Lentils, Sweet Potatoes, and Stew: Add These to Your Winter Repertoire

sweet-potato-1666707_1920There’s no meal like one that’s home cooked. Just the other day, we caught ourselves clicking around for some winter comfort food inspiration, and happened upon the New York Times (NYT) Cooking section. Is it even possible anyone could escape feeling enticed by a recipe for Lentil Stew with Sweet Potatoes? We think not. Besides the yummy end result we’re itching to gobble up, there’s a couple of other reasons why a dish like this should be added to your winter repertoire.

  1. An Excellent Source of Vitamin A
    Vitamin A, also known as retinol, comes in handy in regard to quite a few aspects of your health. Namely, your immune system, eye/vision health, and skin health. Dishes containing sweet potatoes are always rich in vitamin A. We especially like the benefits this vitamin has on immune system health given that fall is not only a season for indulging in hearty stews like this one, but also cold and flu season.
  2. High in Magnesium
    Magnesium, which in this stew comes from lentils, is magnificent for a lot of reasons. MDLinx comments on one of the top benefits of magnesium in relation to another vital nutrient - calcium: “Magnesium is needed for absorption [of calcium]. […] it helps deposit calcium into our bones, preventing osteoporosis. Without magnesium, calcium would become toxic, depositing itself in soft tissue, which can lead to arthritis.
  3. Protein Powerhouse
    Move over quinoa! Lentils have twice the protein of quinoa – up to 9 grams of protein. Blend lentils with grains like Timeless Natural Food Semi-Pearled Purple Prairie Barley® or Farro and you’ll have a “complete” protein.
  4. What’s that about “iron poor blood?”
    Get 20-40% of the recommended daily allowance (RDA) of iron from a single serving of lentils. Women, especially pregnant women, take note.
  5. Folate? What’s “folate?”
    Folate, one of the B vitamins, is especially important for the healthy development of unborn children. Get 53% of your RDA of folate from a single serving of lentils.
  6. Don’t Miss Out on Your Fiber
    Forget about all those processed cereals and breads that brag about having lots of fiber. Your serving of lentils will give you nearly one-third of the recommended intake of dietary fiber.
  7. Eat lentils, not vitamin pills!
    Those tiny little seeds are full of a wide range of minerals like calcium, phosphorus, sodium, zinc, copper, manganese, and selenium. And not a pill bottle in sight!
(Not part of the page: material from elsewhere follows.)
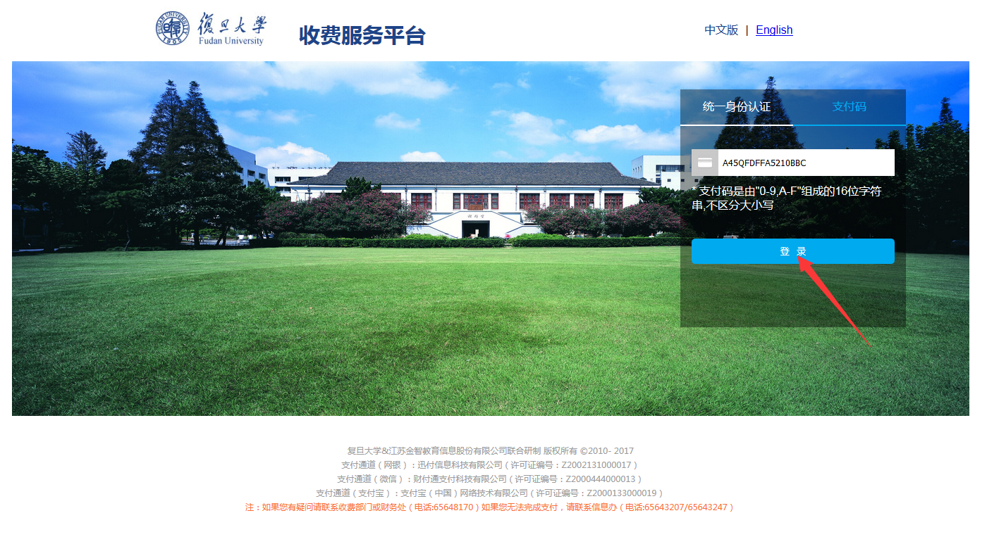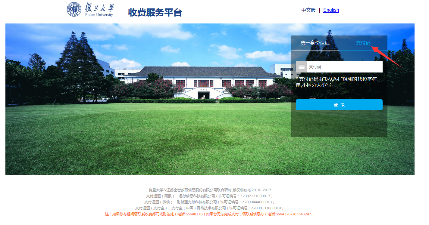 1、打开付费网址http://www.payment.fudan.edu.cn/点击右上角“支付码”按钮

Now that we’ve talked about how good these ingredients are for you, let’s talk about good places to get these ingredients.

For readers concerned with striving to cook meals from a wholesome, farm to table approach, let’s talk where to responsibly purchase lentils. From Organic Black Beluga Lentils® (one of the easiest lentils to prepare) to Organic Green Lentils, these specialty pulses can be purchased right off our website. Other options include checking your neighborhood natural grocery store or food co-ops.

Wait, there’s more!

Now, let’s yak about yams – and/or sweet potatoes. For readers interested in cooking things up from a garden to table approach, they’re a pretty darn easy vegetable to grow -- and they’re easy to cook too (just like specialty pulses and heirloom grains). For all the nitty gritty botanical details on what this veggie likes and dislikes, we recommend reading through the ever-reliable Old Farmer’s Almanac where you can dive into more than you ever wanted to know about these amazing root.

We’re aware it’s worth noting that Montana’s a tough nugget of an environment to grow anything in. But, any of our beautiful state’s avid gardeners will tell you that the first best thing about growing sweet potatoes here is that they’re inaccessible to the typical garden terrorists (i.e. urban deer) given they’re a root and grow underground.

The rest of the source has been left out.